All of lore.kernel.org
 help / color / mirror / Atom feed
From: Roberto Spadim <roberto@spadim.com.br>
To: NeilBrown <neilb@suse.de>
Cc: Liam Kurmos <quantum.leaf@gmail.com>,
	Brad Campbell <lists2009@fnarfbargle.com>,
	Drew <drew.kay@gmail.com>,
	linux-raid@vger.kernel.org
Subject: Re: mdadm raid1 read performance
Date: Wed, 4 May 2011 20:57:00 -0300	[thread overview]
Message-ID: <BANLkTikPNcCuPkEV4ikwKvvkV468yYJZKA@mail.gmail.com> (raw)

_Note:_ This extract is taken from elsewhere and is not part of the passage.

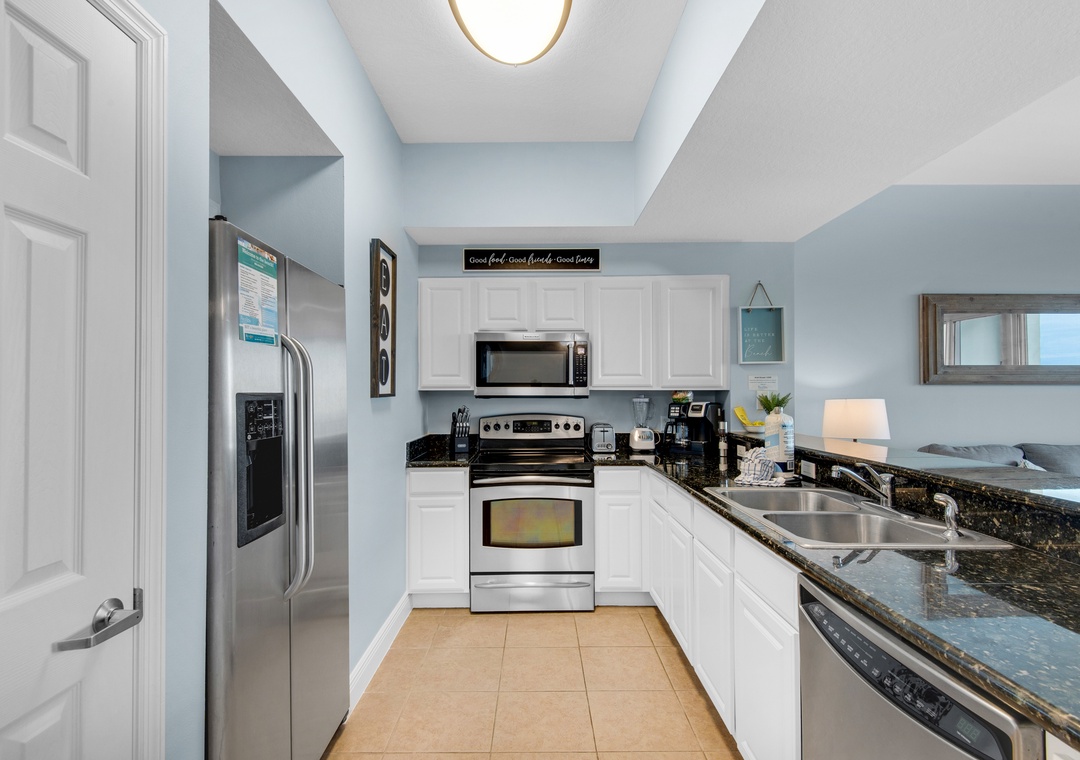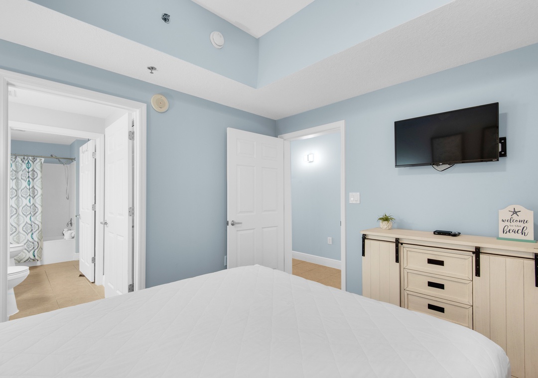 I cannot say enough good things about this condo. First, it was SO CLEAN when we arrived. Secondly, the location! No it is not directly on the beach. It’s about a 8 minute flat surface walk on concrete until you get to the sand. (I’m a slow walker. So for a fast walker it would be less time) I didn’t mind it at all. Most of the walk is shaded by the 2 buildings on each side of the driveway. There’s several washing stations to get all the sand off also. This condo has a cute cafe on the main floor that has really good food. They also deliver to the condo. It is also close to sooo many restaurants. Our favorite was Pompano Joe’s on the beach. It’s only a 3 mile drive. The bed in the master suite is electric so you can raise the head and foot of the bed which was amazing. I will 100% be staying here again and have recommended this condo to all of my friends. The only slight con was I did not receive a email with the smart lock code so I had to call the 24/7 line. But it was a easy fix and they sent the code right away! Thank you for making our vacation even more amazing!- Reviewed On: 6/8/2022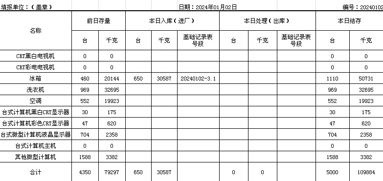 2024.01.02回收拆解統(tǒng)計(jì)表

In-Reply-To: <20110505094538.0cef02cc@notabene.brown>

2011/5/4 NeilBrown <neilb@suse.de>:
> On Thu, 5 May 2011 00:08:59 +0100 Liam Kurmos <quantum.leaf@gmail.com> wrote:
>
>> Thanks to all who replied on this.
>>
>> I somewhat naively assumed that having 2 disks with the same data
>> would mean a similar read speed to raid0 should be the norm (and i
>> think this is a very popular miss-conception).
>> I was neglecting the seek time to skip alternate blocks which i guess
>> must the flaw.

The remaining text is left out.